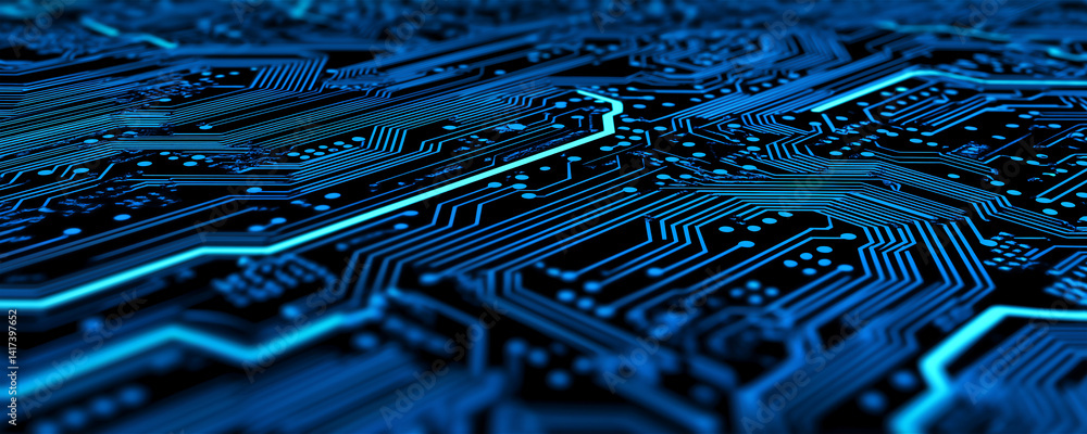 Close-up of a stylized circuit board with intricate, glowing blue lines tracing complex patterns - thWall mural
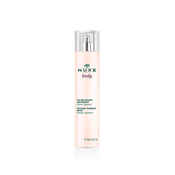 Vaporizar Nuxe Body Agua Relajante Perfumada 100ml sobre la piel.
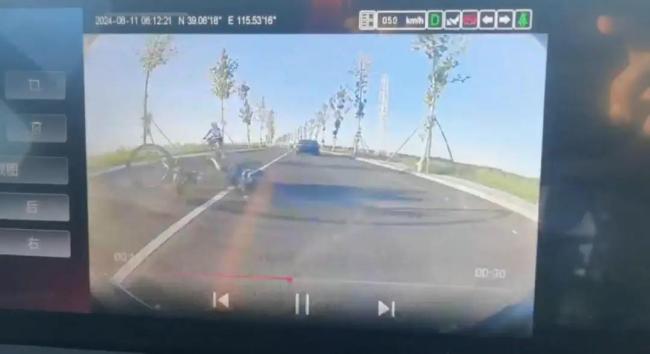 8月11日,河北保定容城县贾光乡发生了一起交通事故。一名11岁小男孩跟着父亲以及自行车队在双向公路上骑行,在接近中线时不小心摔倒进入对面车道,被一辆小汽车碾压身亡。相关视频显示,一行人身穿统一的蓝色队服,戴着头盔,骑行速度较快,码表显示时速一度超过了37公里。孩子在变道时不慎摔倒在对面机动车道上,被路过的司机姜某驾车碾压。涉事汽车的行车记录仪显示,汽车车速约为52km/h,事发时汽车两侧均有骑行者。据报道,遭碾压的孩子只有11岁。根据《中华人民共和国道路交通安全法实施条例》规定,驾驶自行车必须年满12周岁。
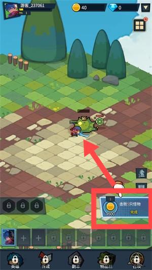 3、游戏场景中,留意右下角【击败X只怪物】任务提示,按要求完成任务获取奖励,推动游戏进程。
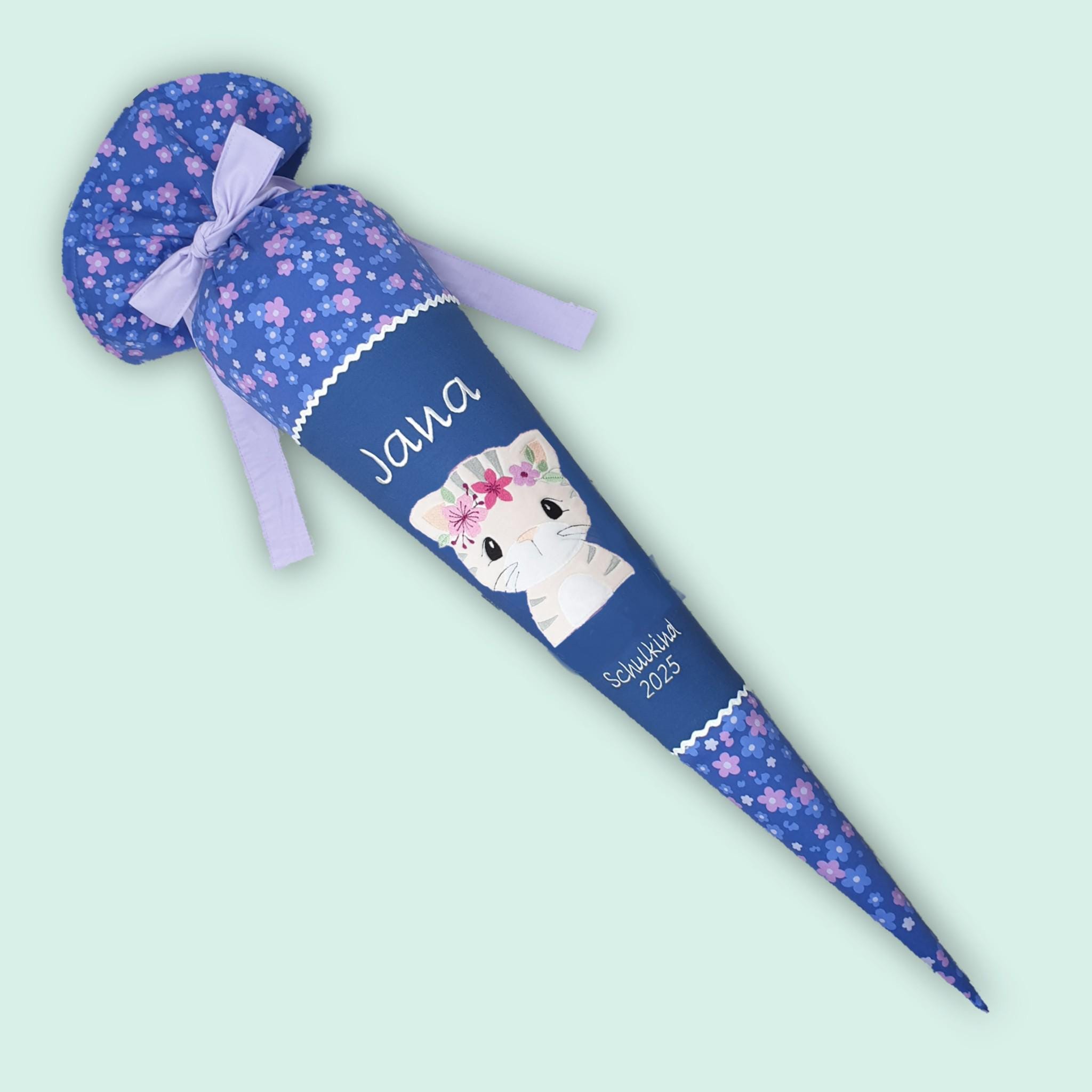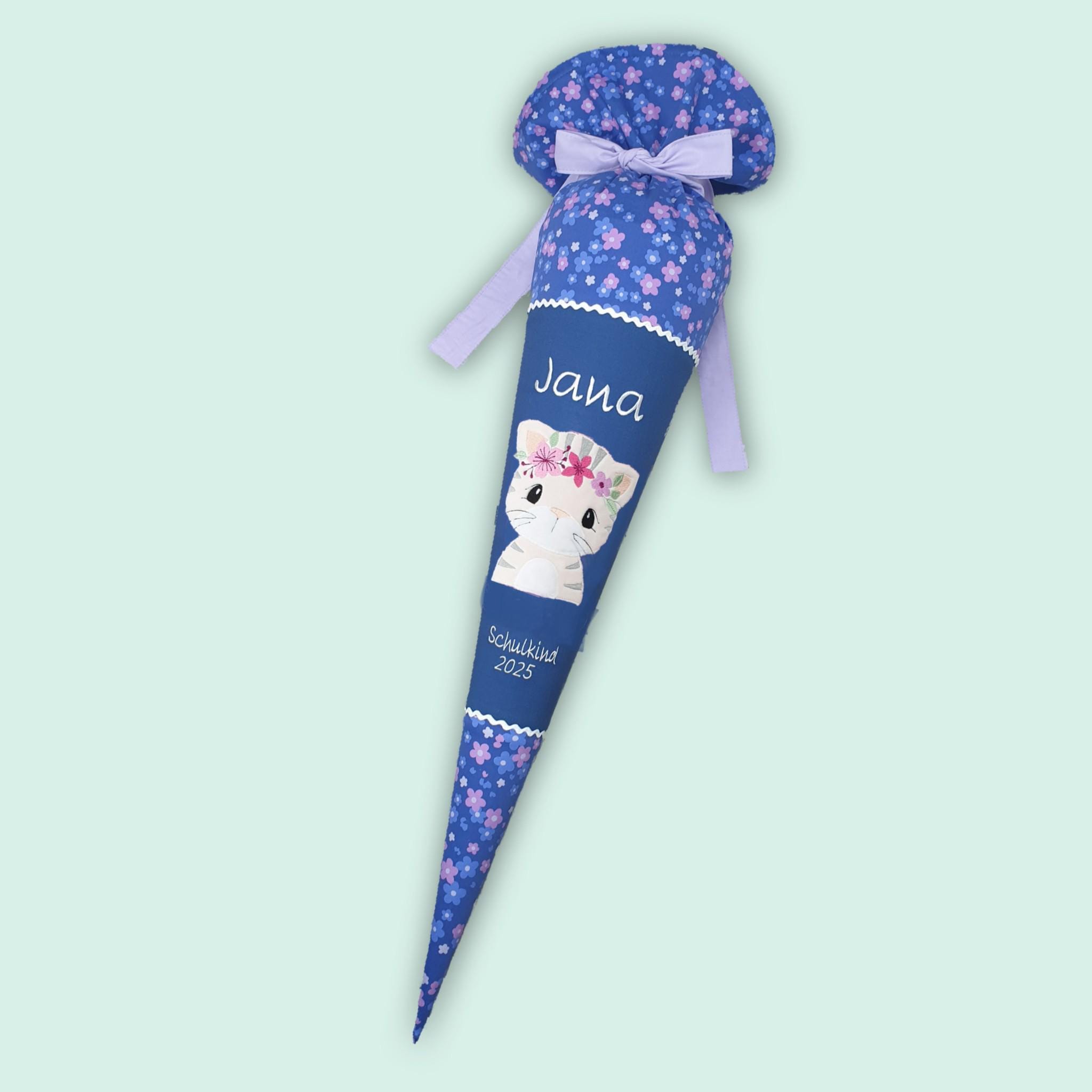 Jede Schultüte wird mit einem gestickten Motiv und dem Namen deines Kindes individuell gestaltet. Auf Wunsch fügen wir auch das Datum des ersten Schultages hinzu.
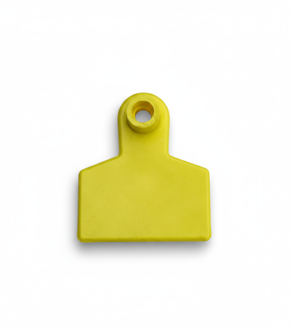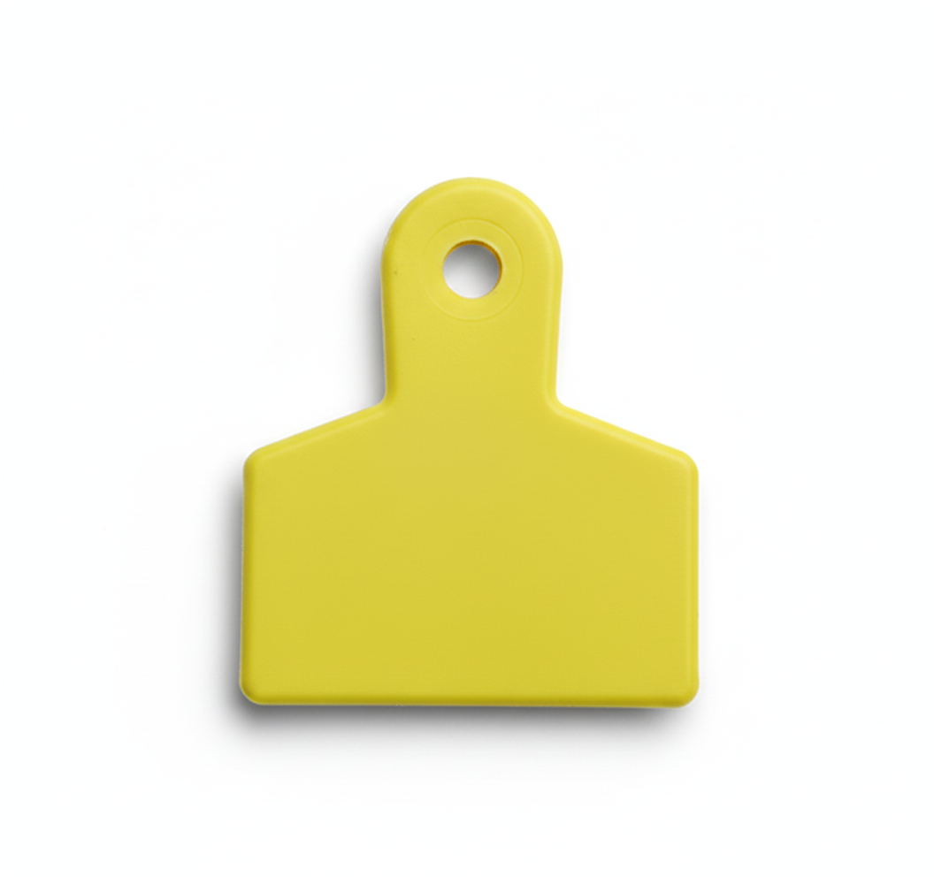 chapeta u orejera para ganado, elaborado en poliuretano (TPU) tamaño 50 mm X 45,  flexibles, resistentes, con proteccion UV, con capsula abierta para ser reutilizada
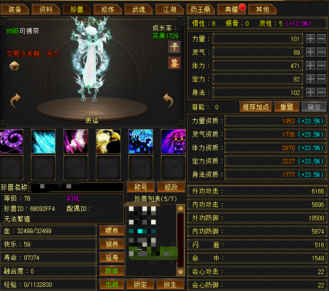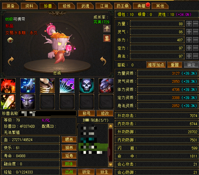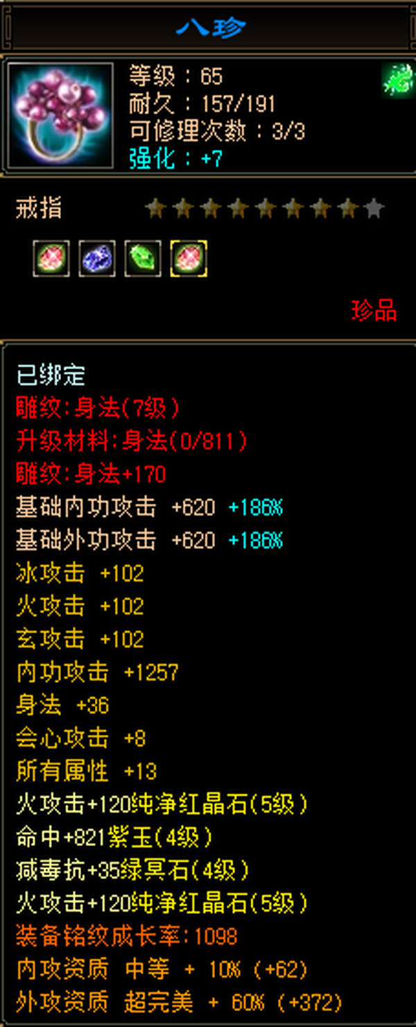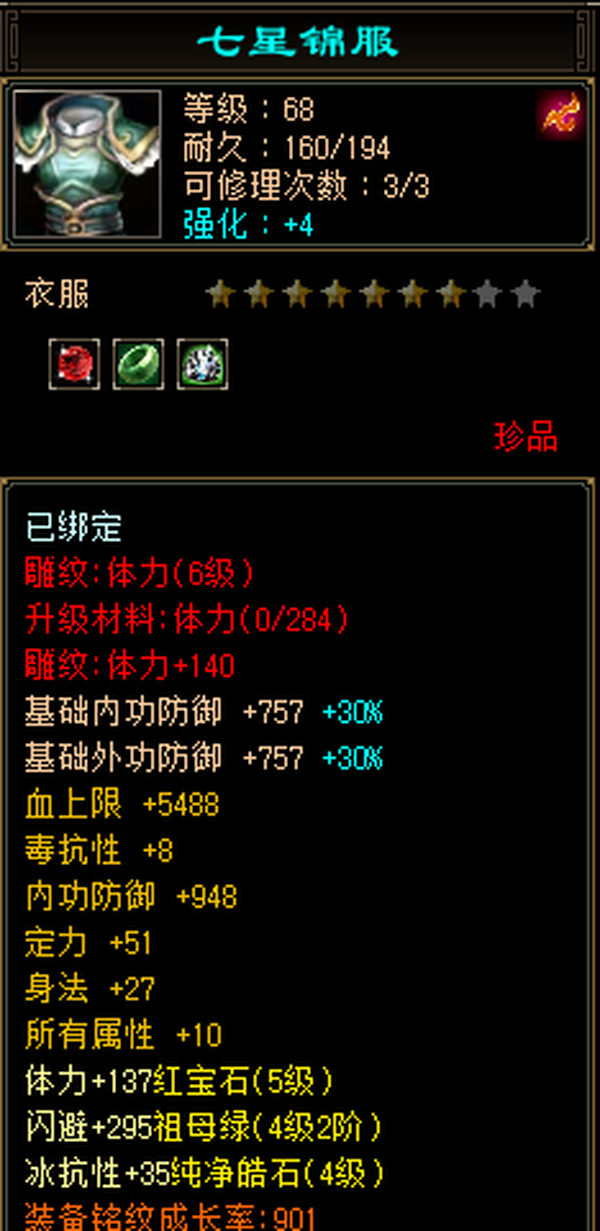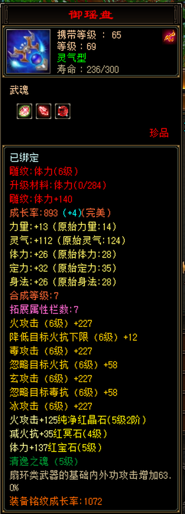 544 攻击件4孔已开,4套抗性石头,大完美武魂,装备基本毕业,
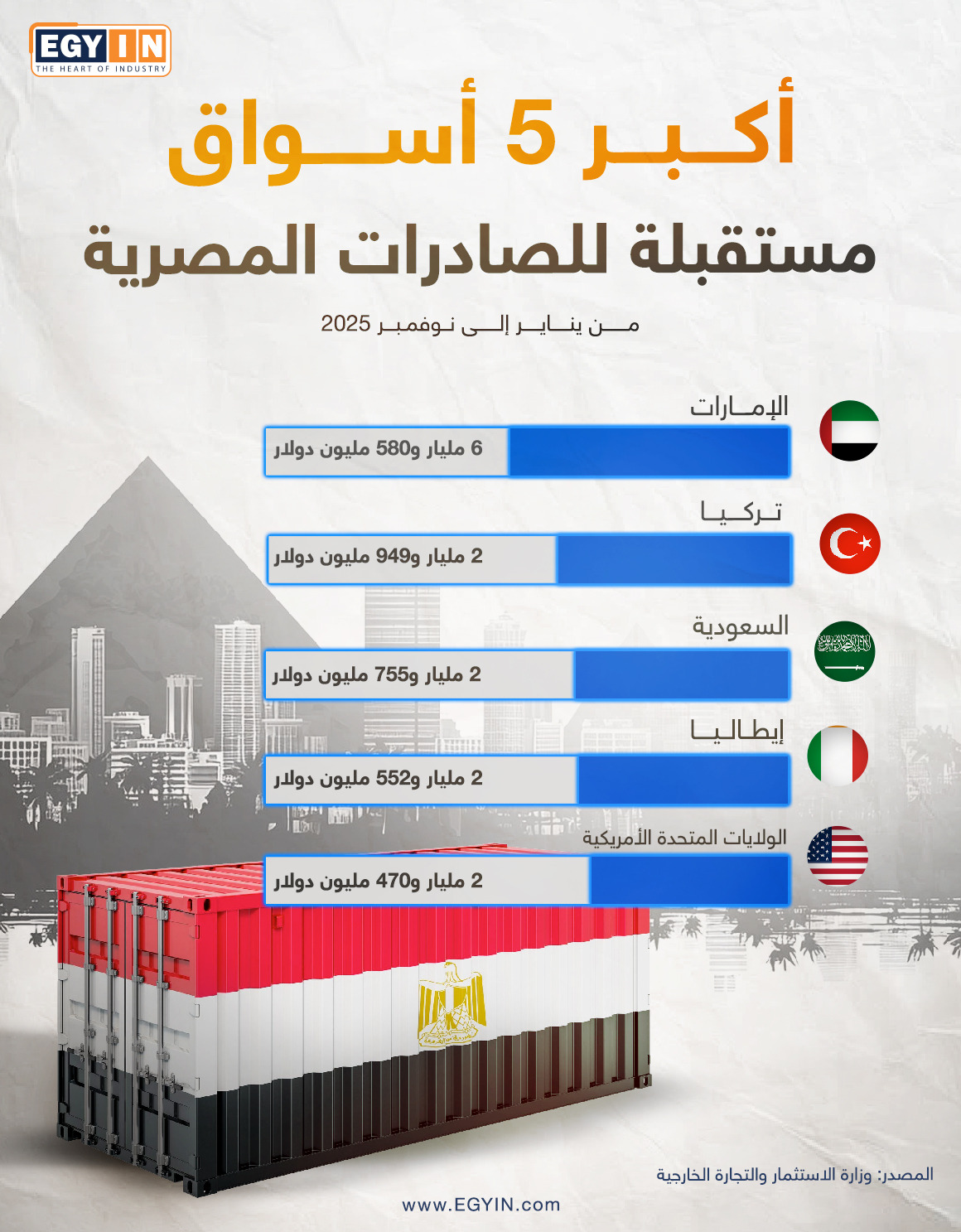 ويستعرض موقع “إيجي إن”، من خلال الإنفوجراف التالي، ترتيب أكبر 5 أسواق مستقبلة للصادرات المصرية خلال الفترة من يناير حتى نوفمبر 2025، وفقًا لبيانات وزارة الاستثمار والتجارة الخارجية، وهي:
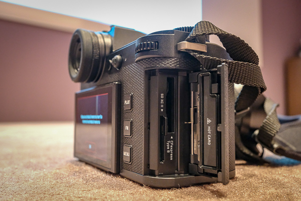Per supportare al meglio la registrazione dei formati video più gravosi, ora uno dei due slot di memoria ospita le schede CFexpress, mentre l'altro continua a puntare sulle SD UHS-II per la massima retrocompatibilità. Tra le specifiche tecniche dedicate al video anche la porta timecode che condivide il connettore con quella synchro flash. Tra i connettori troviamo poi i due jack per microfoni e cuffie, la presa USB-C per ricarica e alimentazione e la porta HDMI di tipo standard.
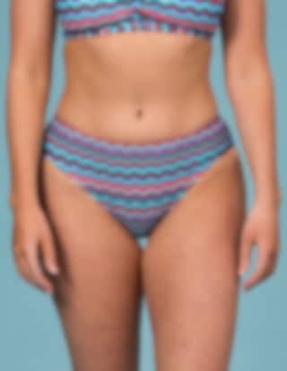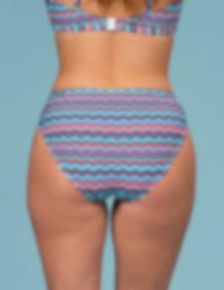 Mönstrad bikinitrosa i färgglatt sick-sack mönster. Trosan har medelhög midja och benskärning.
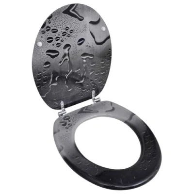 vidaXL Durable Toilet Seat with MDF Lid, Intricate Water Drop Design, Chrome Zinc Alloy Hinges, Universally Suitable for All Common Bowls

EXERCISE GOAL » Each line from the one bearing "Jede Schultüte wird" through the final line of the records is to be copied exactly, and no pictures are to be included.

TASK OUTPUT »
 Jede Schultüte wird mit einem gestickten Motiv und dem Namen deines Kindes individuell gestaltet. Auf Wunsch fügen wir auch das Datum des ersten Schultages hinzu.
 chapeta u orejera para ganado, elaborado en poliuretano (TPU) tamaño 50 mm X 45,  flexibles, resistentes, con proteccion UV, con capsula abierta para ser reutilizada
 544 攻击件4孔已开,4套抗性石头,大完美武魂,装备基本毕业,
 ويستعرض موقع “إيجي إن”، من خلال الإنفوجراف التالي، ترتيب أكبر 5 أسواق مستقبلة للصادرات المصرية خلال الفترة من يناير حتى نوفمبر 2025، وفقًا لبيانات وزارة الاستثمار والتجارة الخارجية، وهي:
Per supportare al meglio la registrazione dei formati video più gravosi, ora uno dei due slot di memoria ospita le schede CFexpress, mentre l'altro continua a puntare sulle SD UHS-II per la massima retrocompatibilità. Tra le specifiche tecniche dedicate al video anche la porta timecode che condivide il connettore con quella synchro flash. Tra i connettori troviamo poi i due jack per microfoni e cuffie, la presa USB-C per ricarica e alimentazione e la porta HDMI di tipo standard.
 Mönstrad bikinitrosa i färgglatt sick-sack mönster. Trosan har medelhög midja och benskärning.
 vidaXL Durable Toilet Seat with MDF Lid, Intricate Water Drop Design, Chrome Zinc Alloy Hinges, Universally Suitable for All Common Bowls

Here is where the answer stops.